What is midterms
Executive summary
Midterm elections are the general federal elections that occur roughly halfway through a U.S. president’s four‑year term and put control of Congress — all 435 House seats and about one‑third of Senate seats — on the ballot [1] [2]. They are widely treated as a referendum on the president’s party because midterms often change the balance of power in Congress and therefore shape what legislation can pass or be blocked for the remainder of a presidency [3] [4].
1. What midterms are, in plain terms
A “midterm” is the even‑year general election that falls two years after a presidential election and two years before the next one; it is when voters elect all members of the House of Representatives (two‑year terms) and roughly one‑third of U.S. senators (six‑year terms), plus many governors and state and local officials in dozens of states [1] [2] [3].
2. Why midterms matter for power in Washington
Because Congress writes laws, confirms many presidential appointments and controls oversight, which party holds the House and Senate determines whether the president can advance key priorities or face gridlock; historically the president’s party usually loses seats in midterms, altering the legislative agenda and oversight dynamics [3] [5] [4].
3. The mechanics: what’s on the ballot and when
Midterms take place on Election Day — the Tuesday after the first Monday in November — and can include all 435 House seats, about 33–35 Senate seats depending on the cycle, roughly three dozen gubernatorial contests in most cycles, and a host of state and local races and ballot measures that vary by state [1] [6] [2].
4. Patterns, exceptions and the “referendum” effect
Political scientists and historical records show a strong pattern: the president’s party tends to lose House seats (averages cited range from mid‑20s to near 28 seats across different studies) and some Senate seats in midterms; commentators therefore describe midterms as a referendum on the president’s job performance, though factors like approval ratings, the number of vulnerable seats, redistricting and local conditions also shape outcomes [1] [5] [7].

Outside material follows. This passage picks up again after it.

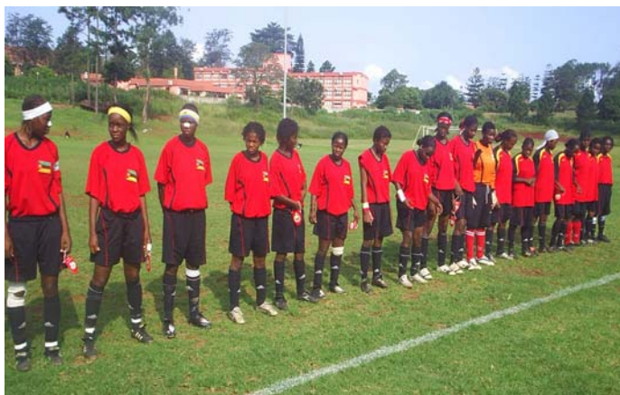
Aufstellung vor Beginn des Spiels gegen Russland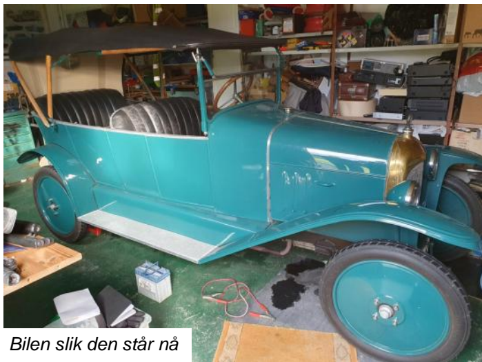
Bilen slik den står nå

5. Turnout and who shows up to decide them
Midterm turnout is consistently lower than presidential years: over recent decades presidential elections draw about 50–60% of eligible voters while midterms commonly see about 40% turnout, with exceptions such as 2018 which saw unusually high participation [1] [5]. Lower turnout amplifies the influence of motivated constituencies, interest groups and get‑out‑the‑vote operations [8].

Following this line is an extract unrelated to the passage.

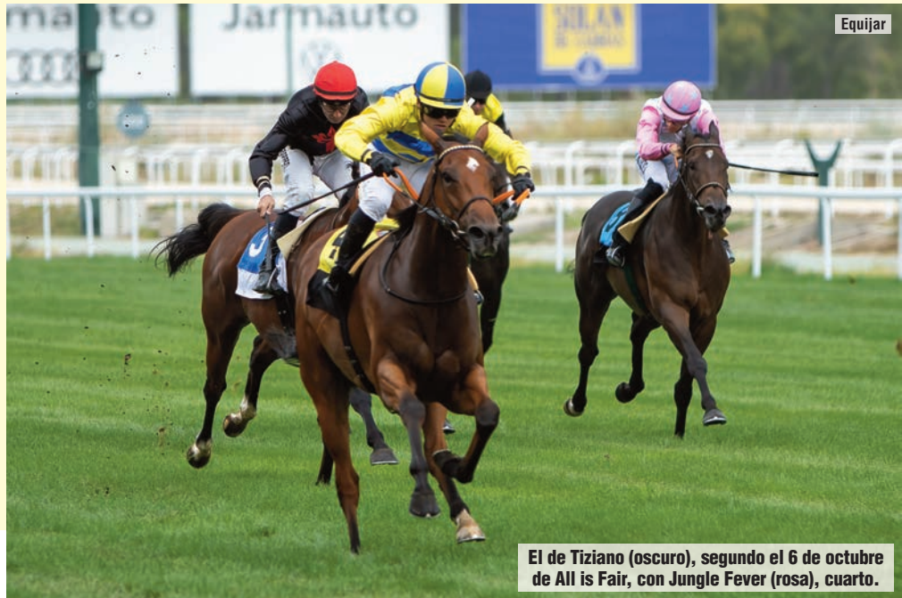
El de Tiziano (oscuro), segundo el 6 de octubre de All is Fair, con Jungle Fever (rosa), cuarto.

Selección: Jungle Fever Alternativa: United States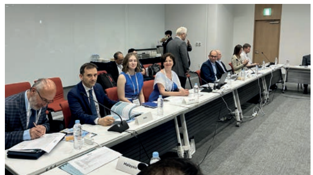
На Генеральній асамблеї Міжнародного комітету з НК

6. Strategic and institutional levers that shape midterms
Beyond voters’ moods, structural factors — staggered Senate terms, state redistricting maps, retirements, legal challenges to districting and changes in voting rules — can tilt the playing field; reporting in 2026 underscored how redistricting and court decisions (including potential Voting Rights Act changes) and mid‑decade map redraws could materially affect which party benefits [9] [10].
7. Competing narratives and agendas to watch
Advocates and parties frame midterms either as corrective checks on presidential power or as obstacles to governance; think tanks and media highlight predictable midterm losses for the president’s party as structural, while campaign operatives emphasize turnout, messaging and local races. Some reporting and analysis — including Brookings and Institut Montaigne — urge reading midterms as both structural and contingent, influenced by approval ratings, district maps and mobilization [7] [4].
8. What reporting does not settle here
Sources consistently describe the mechanics, historical patterns and stakes of midterms (p1_s1–[11]4), but they do not resolve every causal question — for example, how much any single factor (economy, president’s approval, redistricting, turnout operations) will determine a specific midterm outcome in a given year — and those uncertainties require cycle‑specific analysis beyond these general sources [7].